The reduction in tumor cell viability induced by the treatment of both GLUT and GLET, likely attributable to apoptosis induction, was substantiated through both TUNEL and flow cytometry analyses. It demonstrated that both ethanol extracts significantly promoted tumor cell apoptosis. The antiproliferative activity of the ethanol extract from the fruiting bodies of G. lucidum has been previously elucidated, involving multiple mechanisms. The alcohol extract of G. lucidum was found to inhibit cell proliferation by up-regulating p21 and down-regulating cyclin D1 [45]. Additionally, it induced cell apoptosis through the overexpression of Bax in human breast cancer cells. The reduction in the expression levels of antiapoptotic proteins and activation of pro-apoptotic proteins were crucial for the induction of apoptosis. Wu et al. described an ethanol-soluble and acidic component (ESAC) from G. lucidum, mainly composed of triterpenes, exhibiting antiproliferative effects by inducing DNA damage, initiating G1 cell cycle arrest, and promoting apoptosis in human breast cancer cells [46]. As the primary active ingredient in the ethanol extract of G. lucidum, total triterpenes exerted apoptosis-inducing and anticancer activities in vitro and in vivo [47]. A triterpene–farnesyl hydroquinone hybrid (GL22) isolated from the fruiting bodies of G. leucocontextum was discovered to decrease mitochondrial membrane potential and induced liver cancer cell apoptosis [18]. These findings suggested that the two ethanol extracts might downregulate the expression of antiapoptotic proteins while increasing or activating the expression of pro-apoptotic proteins, ultimately leading to cell death.
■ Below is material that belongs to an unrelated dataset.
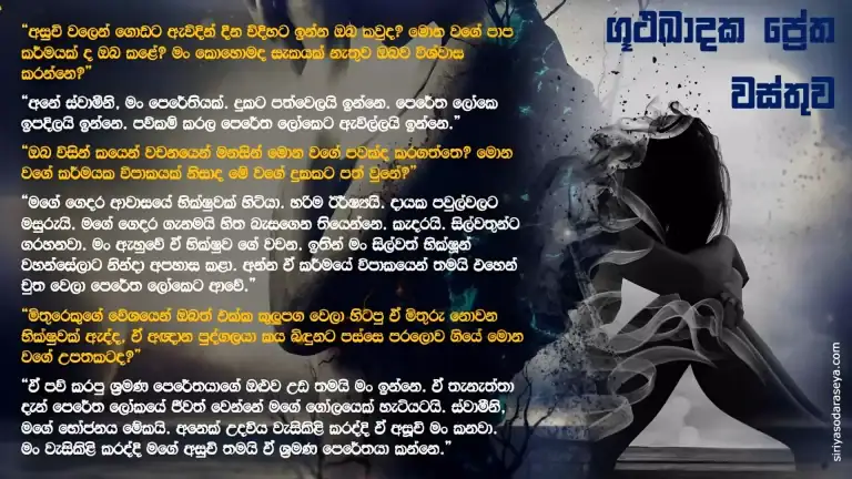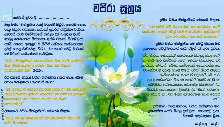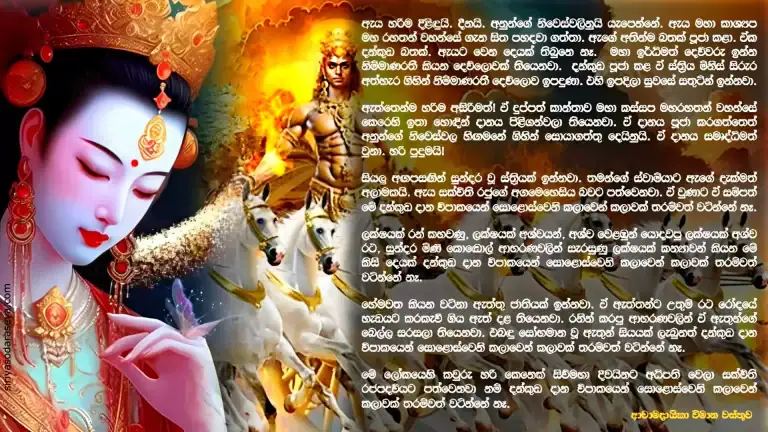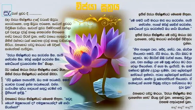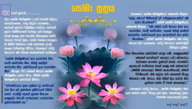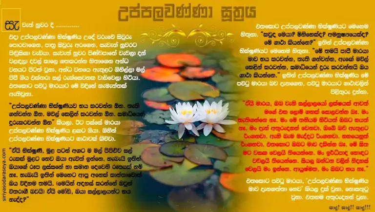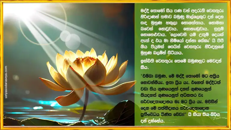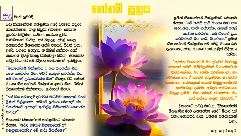 “ස්වාමීනී, එය එසේම ය. එහෙත් නිමේෂයක් සිතා බලනු මැනවි. ස්ත්රීන්ට ද ඇත්තේ සිතකි කයකි. ඈද ඇස කන ආදී ද්වාරයන්ගෙන්ම අරමුණු ගනිමින් මේ මායා ලෝකයේ අතරමංව සිතට වසඟව දුක් දොම්නස් ම වැළැඳගෙන සිටියි. ඉතින් ස්ත්රියක් වූ පමණෙකින් ඈ සදහට ම සසරේ දුක් විඳිය යුතුද? රාගයත් ද්වේෂයත් අතර වූ රියසකට සැමදා යට වී සිටිය යුතු ද? සියළු බන්ධනයන්ගෙන් මිදී දුකින් නිදහස් ව විමුක්තිය සාක්ෂාත් නො කළ යුතු ද? නැත ස්වාමීනී. ස්ත්රිය ද සොයා යා යුතු ම ය ඒ අමා!”

These results indicate that GLUT and GLET have potential therapeutic uses in the prevention and treatment of cancer. Importantly, the extract from G. lucidum has shown selective cytotoxicity and did not exhibit toxicity on normal cells [43]. Oral administration of an alcoholic extract from G. leucocontextum (GLA) demonstrated no notable toxic effects in both male and female rats during acute and subacute toxicity assessments [48]. Both species, particularly G. leucocontextum, hold promise as potential sources of anticancer agents. Nevertheless, the molecular mechanisms of the anticancer activity of GLE are still undergoing further investigation.

4. Conclusions

In summary, this study compared the nutritional composition, bioactive compounds, antioxidant capacity, and antitumor activity of G. lucidum and G. leucocontextum. GLE showed higher levels of protein, ash, flavonoids, and triterpenes compared to GLU, while GLU contained more dietary fiber, polyphenols, and polysaccharides. Both species demonstrated significant antioxidant activity and antitumor effects, with GLE showing higher cytotoxicity. These findings highlight the potential of GLE as a valuable source of antioxidants and anticancer agents, opening avenues for further research on the molecular mechanisms underlying its therapeutic effects.